The tool returns a JSON object with the following fields. The router injects this as a tool-role message back to the model.

FieldTypeDescription
answer string Direct answer from the search engine, if available. May be empty.
abstract string Summary text from the search engine, if available. May be empty.
results object[] Array of search result objects, each with title, url, and snippet.
fetched_pages object[] Array of auto-fetched page content for the top 2 URLs.
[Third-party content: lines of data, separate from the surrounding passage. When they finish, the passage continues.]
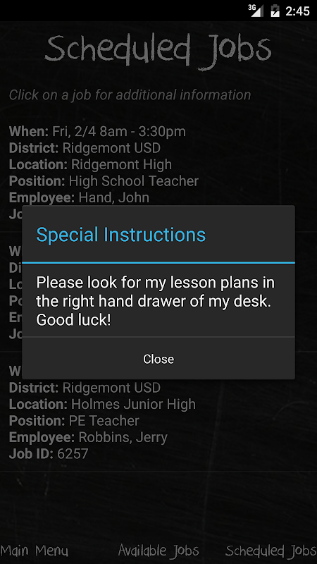 • Sehen Sie Ihre Offene Stellen, geplante Aufträge, Auftragsdetails, & Teacher Notizen mit einem Klick
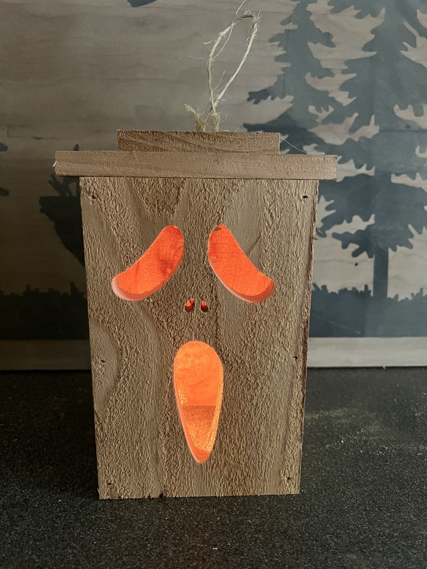 Halloween Scream Face lantern Spooky wooden lantern carved in cedar with a natural wood finish, can be left as is, painted or stained. Great for indoor or outdoor Halloween decor Made by JM Custom Wood Works
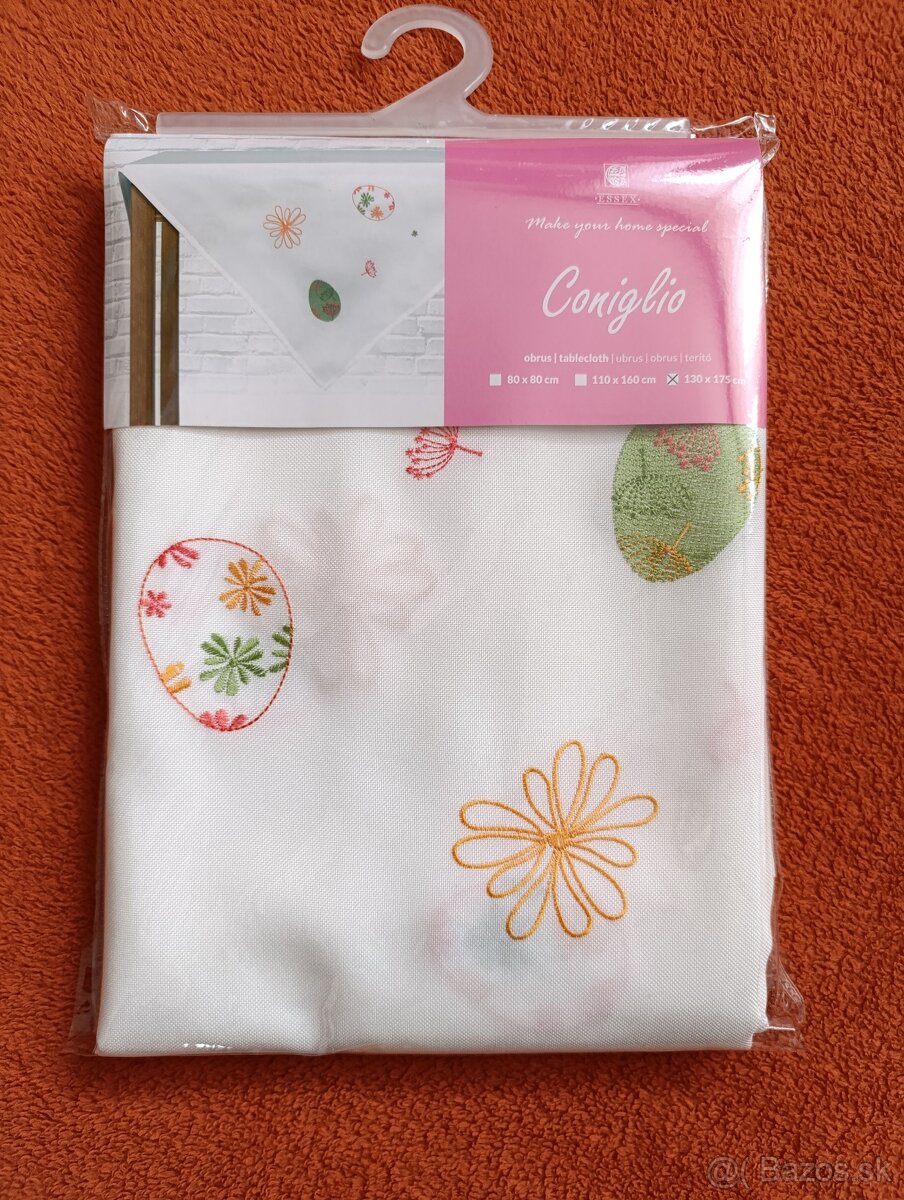 Predám krásny úplne nový, nepoužívaný, zabalený biely veľkonočný obrus s jemným veľkonočným motívom v rohoch. Obrus je kvalitný.
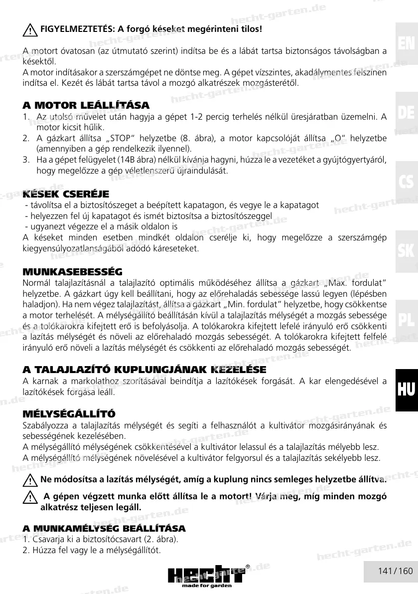 a motor terhelését. A mélységállító beállításán kívül a talajlazítás mélységét a mozgás sebessége
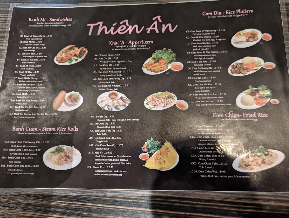 Thien An Sandwiches Menu
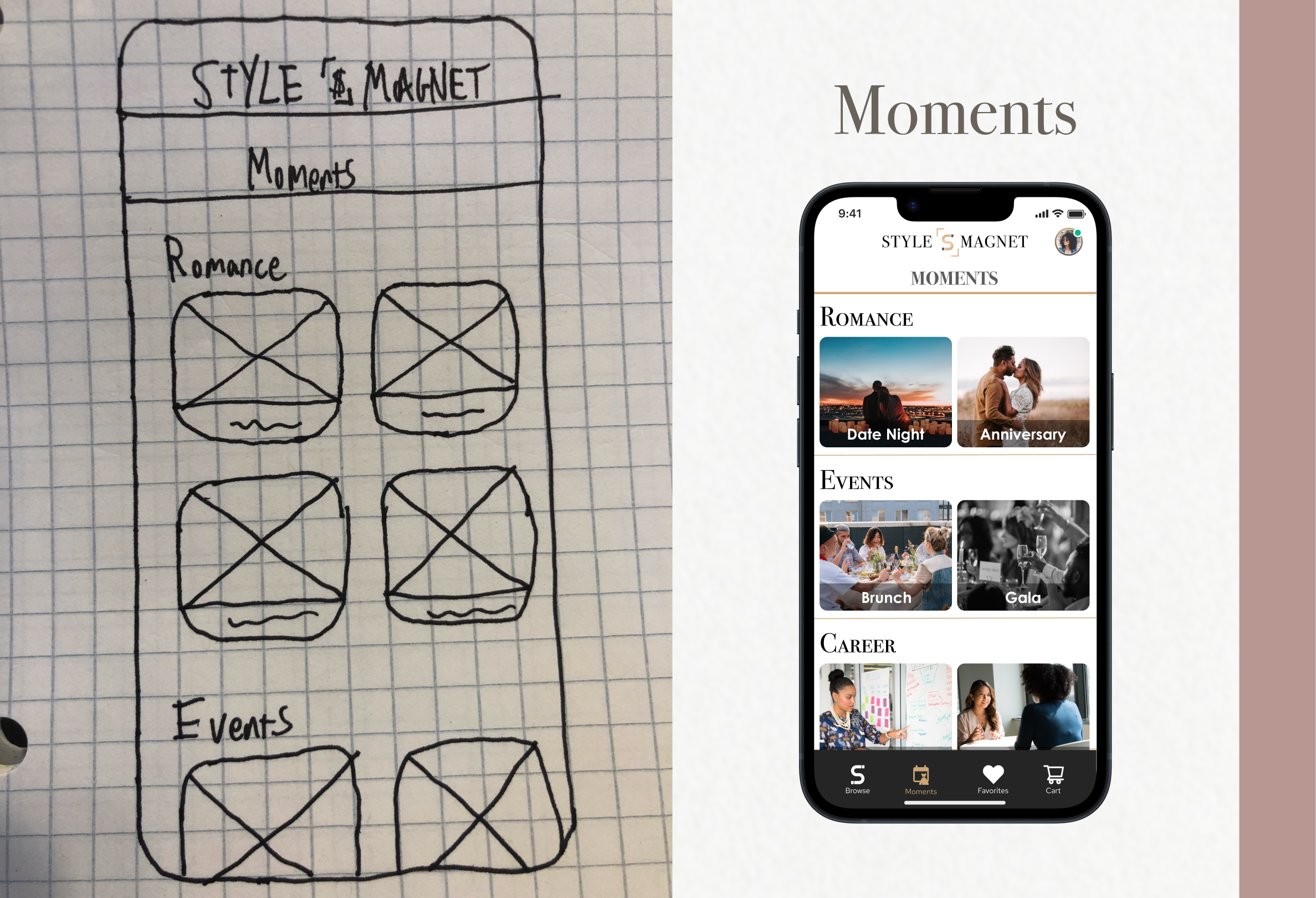 Our initial wireframes focused on providing a simpler user flow for shoppers looking to buy for specific occasions. The first mockups we designed featured the purchase flow, from outfits to items, and organizing outfits into common occasions or moments in life.
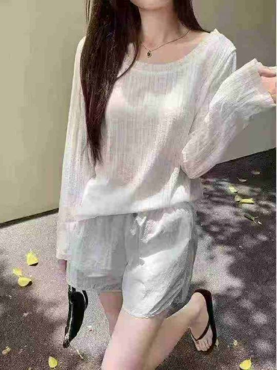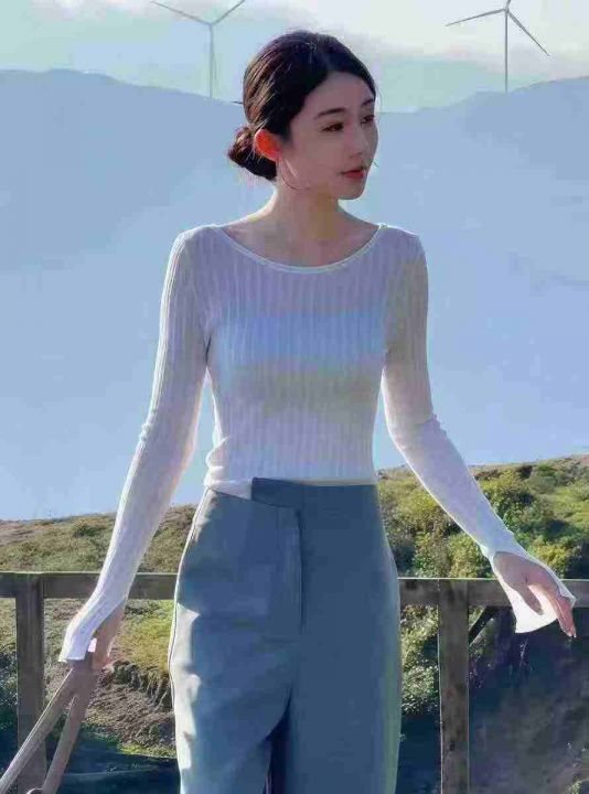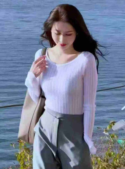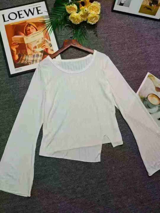 工厂回收582件韩系靓妹白色打底衫不规则设计感长袖T恤,码数S-2XL。面料有弹力,全部独立包装。分货+0.5
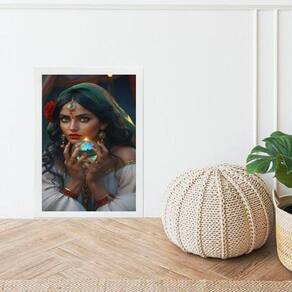 Quadro cigana com bola de cristal 33x24cm Moldura: madeira preta Informações do produto tire todas as suas dúvidas no descritivo abaixo: decoração para quarto, sala, cozinha, escritório, área gourmet e muito mais. Chega de paredes vazias medidas - cada peça tem 33x24cm a4 . Material do papel - papel fotográfico brilhante de altíssima resolução acabamento - todos os quadros são acompanhados de uma película de acetato para proteção da imagem. - os quadros são embalados de forma segura com plástico bolha com camada dupla de acordo com o tamanho dos quadros. Garantia - garantia de 3 meses. Meu quadro chegou. Como posso fixá-lo Você precisa apenas de um martelo e um prego, pois os quadros já vão acompanhados de penduradores. Esta é a forma mais indicada. Caso prefira, você pode utilizar uma fita dupla face neste caso, sugerimos de alta qualidade para evitar que descole e seu quadro caia . Como posso limpar meu quadro A limpeza é feita como um móvel comum da sua casa. Apenas um pano seco ou espanador são suficientes para tal
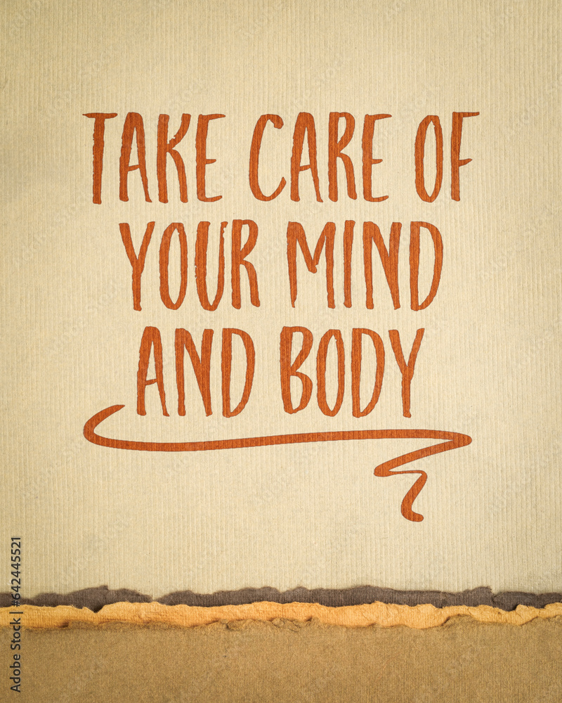 take care of your body and mind - motivational note on art paper, fitness and self care concept

Each entry has url and content.

Example Response

JSON
{ "answer": "", "abstract": "", "results": [ { "title": "Async Trait Methods Stabilized in Rust 1.85", "url": "https://blog.rust-lang.org/2026/02/20/async-traits.html", "snippet": "Rust 1.85 stabilizes async fn in traits, enabling..." }, { "title": "Understanding async traits in Rust", "url": "https://docs.rs/async-trait/latest/guide", "snippet": "A comprehensive guide to using async trait methods..." } ], "fetched_pages": [ { "url": "https://blog.rust-lang.org/2026/02/20/async-traits.html", "content": "Announcing Rust 1.85. We are happy to announce that async fn in traits..." }, { "url": "https://docs.rs/async-trait/latest/guide", "content": "Async Trait Guide. This guide covers the fundamentals of async trait..." } ] }

Auto-Fetch Enrichment

After returning search results, the router automatically fetches the top 2 result URLs in parallel and appends the extracted text as fetched_pages. This gives the model both the search snippets and full page content in a single tool call, reducing the number of loop iterations needed.

Each auto-fetched page shares an equal portion of a 12,000-character budget. Pages exceeding their share are truncated.

Auto-fetched URLs are also cached. If the model subsequently calls fetch_url for a URL that was already auto-fetched, the cached result is returned instantly without a network request.

SSE Events

When streaming, the router emits inline SSE events to indicate web search progress. All vendor events use the x_ prefix for OpenAI spec compliance.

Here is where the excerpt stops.